Phoenix Real Estate Trends: The median listing home price in Phoenix, AZ was $450K in January 2023, trending up 1.1 year-over-year. The median listing home price per square foot was $281. The median home sold price was $400K. Phoenix was a balanced market in January 2023, which means that the supply and demand of homes are about the same.

The market had a total sales-to-total listings ratio between 0.12 and 0.2, which favors none. On average, homes in Phoenix sell after 78 days on the market. The trend for median days on market in Phoenix has gone up since last month, and slightly up since last year. These housing market trends in Phoenix are based on single-family, condo, and townhome properties listed for sale on Realtor.com. Land, multi-unit, and other property types are excluded.

21. Seattle, Washington

Seattle
 too makes our list of one of the best places to invest in real estate for those who can afford it. Seattle offers strong economic prospects and a buoyant labor market. This means that rental occupancies are expected to remain high. The city’s population has grown consistently over the last few years with families drawn to the city’s lifestyle. Housing prices have doubled in the past five years, growing twice as fast as the national average since 2016.

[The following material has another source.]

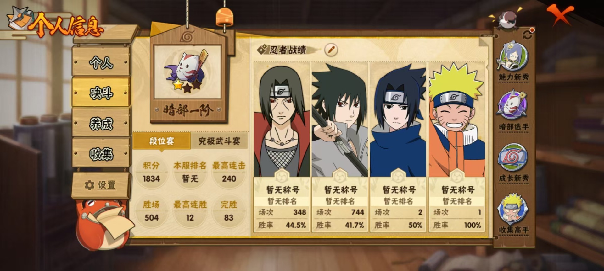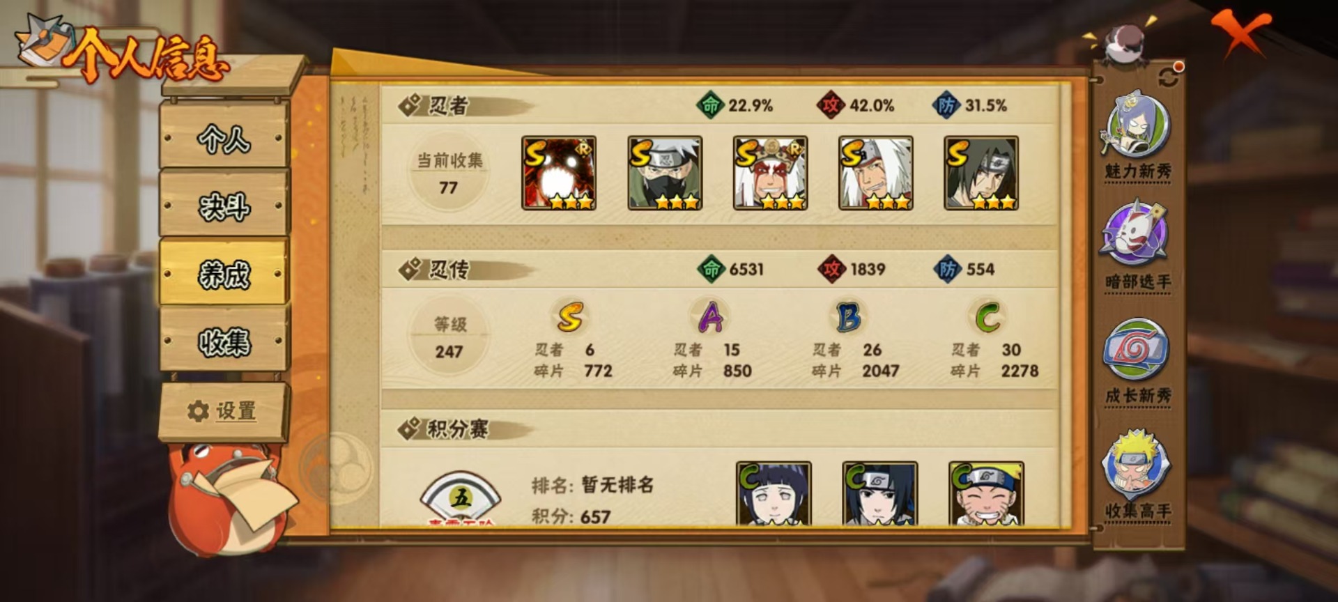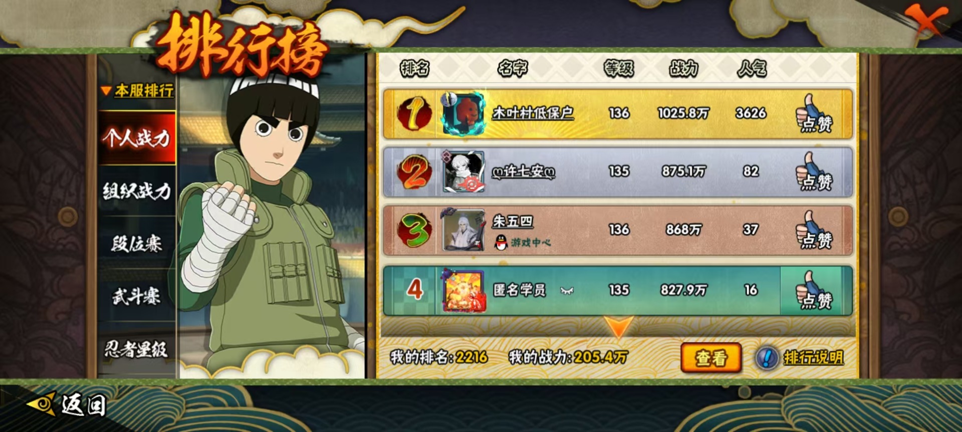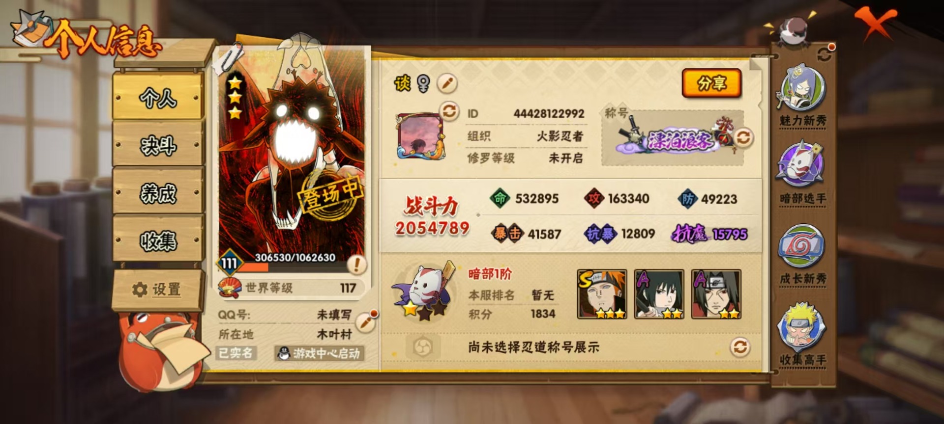 [12175189]V9 6S忍 15A忍 10通灵 205.4W战力 可二次 可修改实名 优质装备:旗木卡卡西「须佐能乎」,自来也 「传说中的三忍」,漩涡鸣人 「暴怒·第六尾」 S级忍者:自来也 「舞之豪杰」,宇智波鼬 「须佐能乎」,佩恩「天道」
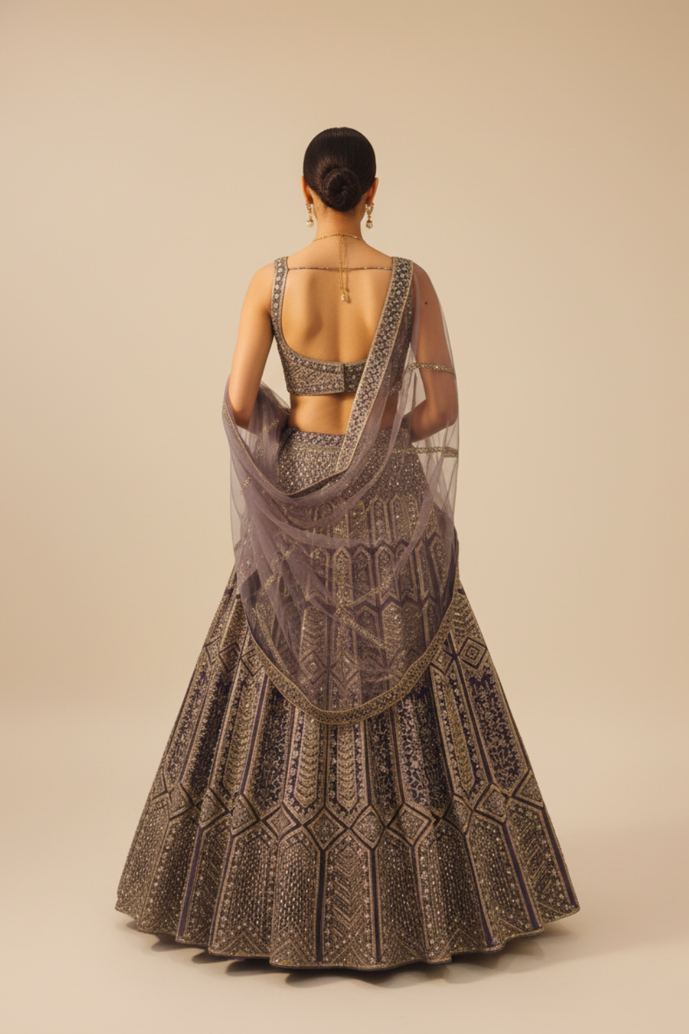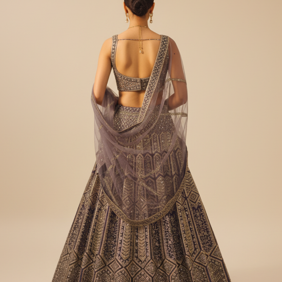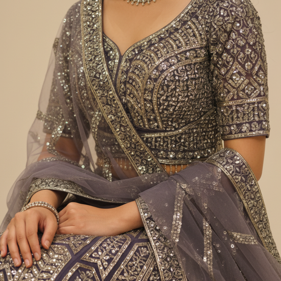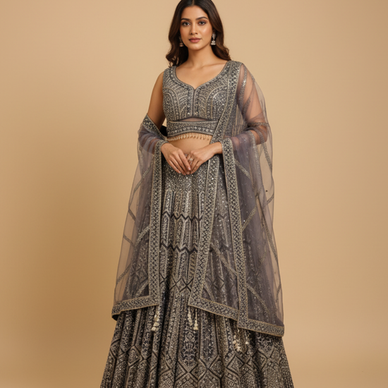 Matelic Grey Net Lehenga Set And Net Dupatta With Readymade Blouse – The Panna Shop

Seattle’s tech landscape and real estate market are rapidly evolving. Google has upped the size of its new Seattle campus. Facebook has been on a hiring spree in the Seattle area, particularly for its virtual reality arm Oculus, which is growing fast in Microsoft’s backyard of Redmond. GeekWire reported on new HQ leases for top Seattle startups Rover and Outreach.

Other companies continue to grow and that will pick up any slack. Tech has blown up Seattle. For the past 5 years, we have seen that this market has priced out many middle-class buyers. Despite the high cost of living, Seattle, Washington, remains a hotbed for real estate investment. The city's strong economy, growing job market, and attractive location make it an ideal choice for investors looking to capitalize on the city's steady growth.

Overall, Seattle's strong economy, growing population, limited housing supply, high-quality education, attractive location, and stable market make it a top choice for real estate investors looking for a reliable and profitable investment opportunity.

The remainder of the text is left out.